05.09.2013 - 00:00 Uhr
Weiden in der OberpfalzOberpfalz

Der SV Weiden und seine bewegte Geschichte über mehr als 100 Jahre Aufrechter Gang in schwerer Zeit

Wenn man die Lebenslinien von Sportvereinen bis zu ihren Ursprüngen zurückverfolgt, kann man manche kaum für möglich gehaltene Entdeckungen machen. Zugleich findet man bizarre Ausschläge der Zeitgeschichte auch auf dem lokalen Terrain wieder.

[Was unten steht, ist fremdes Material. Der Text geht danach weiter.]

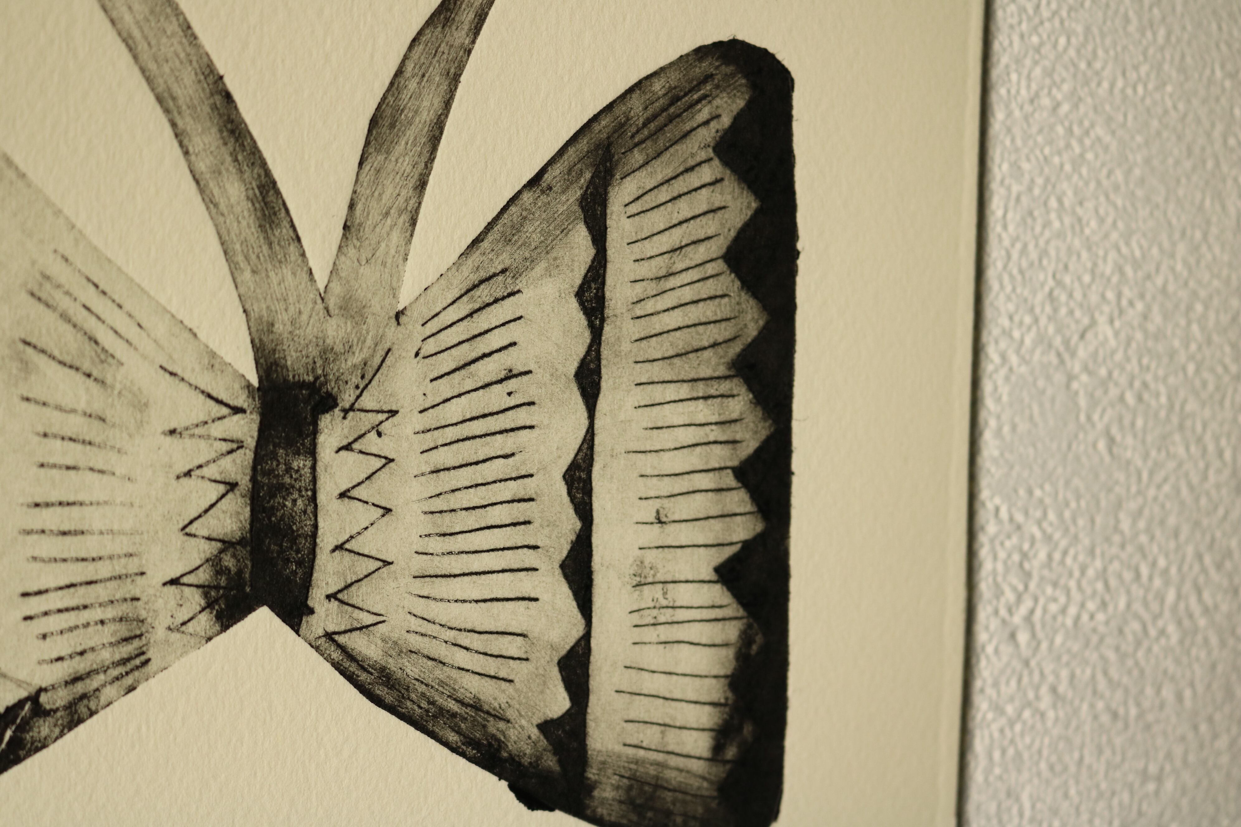 こばやしみさをさん/紙版画「ちょうちょ(黒)」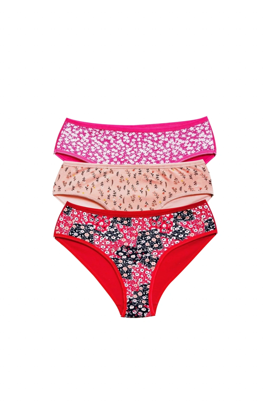 Pamuklu Geniş Kenarlı Likralı Desenli Bato Kadın Külot 3'lü Paket Set3

Die Mannschaft des SV Weiden Mitte der 50er Jahre: (von links) A. Bäumler, Busch, Schicker, Linz, Robl, Vogelsang, Pfaffenzeller, Scharnagl, Karl, (Mitte von links) Achtert, Meiler, König und (vorne von links) Roith, Beyerlein und Feilhuber. Archivbild: hfz
von Redaktion OnetzProfil

In Weiden ist der Sportverein, der im vergangenen Jahr mit der Spielvereinigung fusionierte und Anfang der 90er Jahre bereits mit dem TSV Detag verschmolzen war, ein sehr einprägsames Beispiel dafür. Der Verein hätte, wäre er selbstständig geblieben, in diesem Jahr auf eine Existenz von 110 Jahren zurückblicken können. Ganz sicher ein Grund, den markanten Stationen dieses Vereins nachzuspüren, wie er unter sehr mühsamen Bedingungen und auf oft bittere Weise um seine Existenz hat kämpfen müssen.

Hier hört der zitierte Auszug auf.